8:00 PM, 22nd August, 2009
From the creative mind of Harold Ramis, and two of the writers from "The Office" (the US version), comes Year One. The movie can be seen as a road trip movie from the beginning of everything (in the Biblical timeline), where Zed (Black) and Oh (Cera) go forth on a journey to find the end of the world. After eating from the Tree of Knowledge of Good and Evil, Zed (a hunter) is exiled from his tribe, and accompanied by Oh (a gatherer). Their journey leads them to meet other characters from the Bible (such as Cain and Abel, and Abraham), and after discovering that the girls they wanted to sleep with have been captured and turned into slaves, Zed and Oh set out to rescue them.
If you liked the boyish awkwardness of Michael Cera in, "Arrested Development," or Superbad, then you'll love the boyish awkwardness in this. Similarly, Jack Black seems to bring a bogus persona to his characters, and Year One is no different. Putting Black and Cera together as two fumbling tribesmen from the beginning of time on a journey for meaning and discovery is the perfect combination for a good movie. The movie has been likened more to the Monty Python-esque movies rather than other Judd Apatow produced movies, and the outrageous and silly premise is so farfetched it's brilliant. For a roaring good time, Year One should only be missed if you have a wedding to attend, or the birth of your first child, otherwise, a night out with Harold Ramis' latest is definitely in order.
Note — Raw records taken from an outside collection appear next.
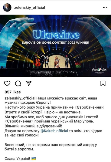 乌克兰总统泽连斯基也在网上发文祝贺本国选手,并骄傲地宣称:“我们的勇气惊艳了世界,我们的音乐征服了欧洲!”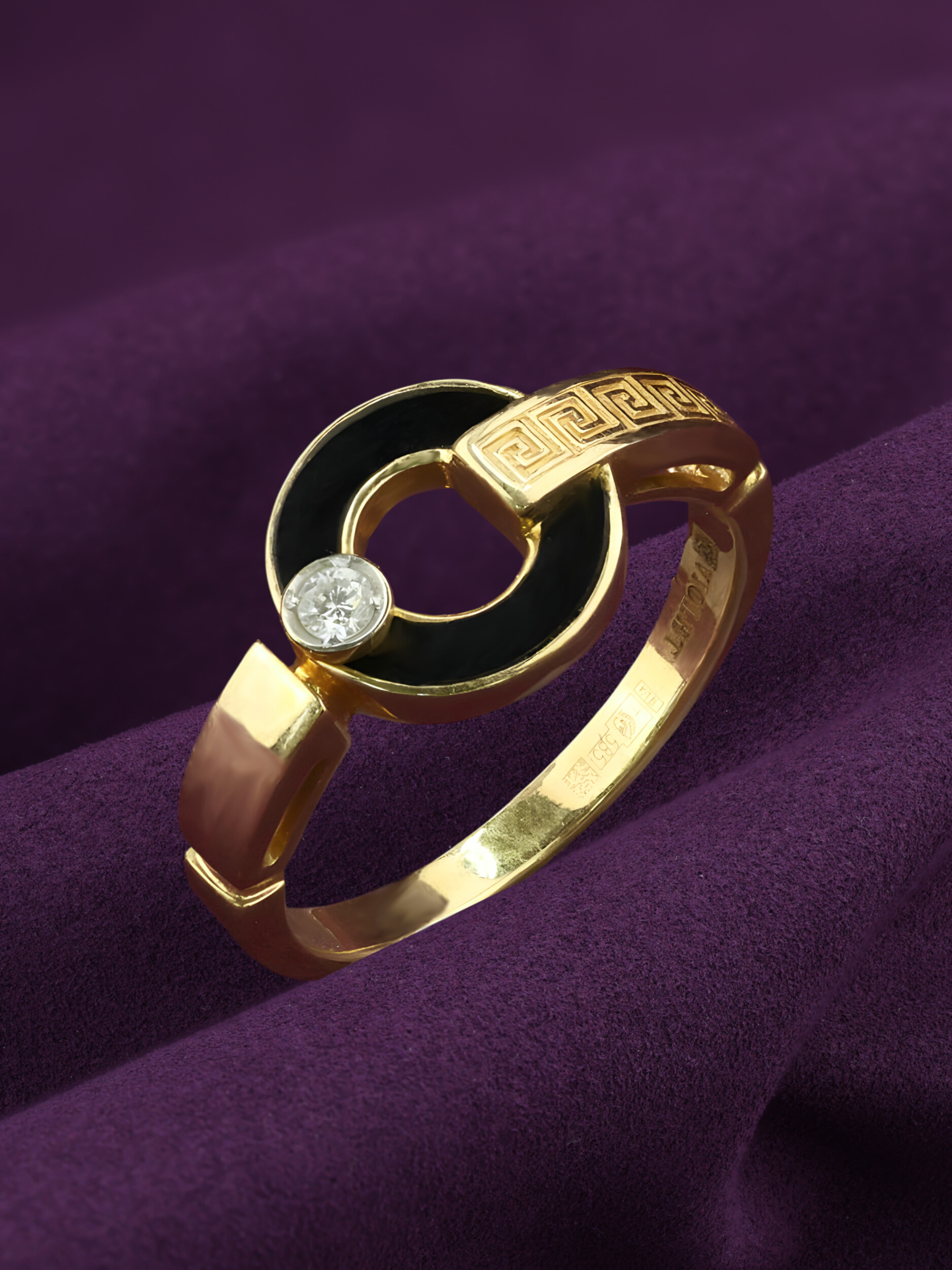 Лимонное золото — уникальный материал, который в сочетании с черным ониксом и белым бриллиантом создает стильный и дорогой контраст. Это универсальное ювелирное изделие подходит как для женщин, так и для мужчин, подчеркивая индивидуальность и утонченный вкус владельца. Кольцо выполнено в лаконичной манере, благодаря чему оно отлично сочетается с другими украшениями и может стать частью полноценного комплекта.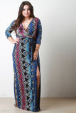 This plus size dress features a surplice v-neckline, quarter-length sleeves, left vent slit, and a self-tie waist sash. Accessories sold separately. Made in U.S.A. 95% Polyester, 5% Spandex.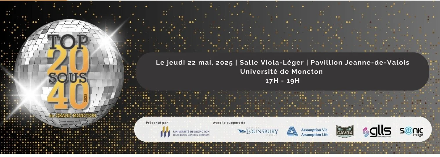 La chambre de commerce pour le grand Moncton a officiellement annonce leurs 40 finalistes pour le concours! Cette initiatiative vise à reconnaître les jeunes leaders, les artisans du changement et les visionnaires de moins de 40 ans qui ont un impact important sur notre communauté. Félicitation et bonne chance à tous!

9:52 PM, 22nd August, 2009
Francois and his fellow teacher prepare for another year of educating juveniles in a tough Paris neighbourhood. There is a big culture and attitude clash within each classroom, and we focus on one of Francois' classes, in which discussion of literature often brings bigger life issues to the surface.
As a teacher, I can tell you that The Class is one of the best cinematic depictions of the day-to-day life of a high school educator. I was intrigued that the average French teacher has to deal with so many similar issues that I have to (even though the teacher character deals with most of those issues in a very ineffective and inappropriate manner, but there's not enough room here for me to go into that!). I've always maintained that the average classroom is just a microcosm of society, and this film shows that to be true. It almost feels like a documentary at times (something I believe was intentional by the filmmakers, judging by camera angles used).
This film won the Palme d'Or at Cannes last year, and deservedly so. It is absorbing and intelligent, with realistic performances and a beautiful final shot that says so much more than words. Forget your standard Hollywood "embattled teacher breaks through to tough teenagers" tripe (like Freedom Writers and Dangerous Minds), come and see a real depiction of modern education, and one of the better French films released this year.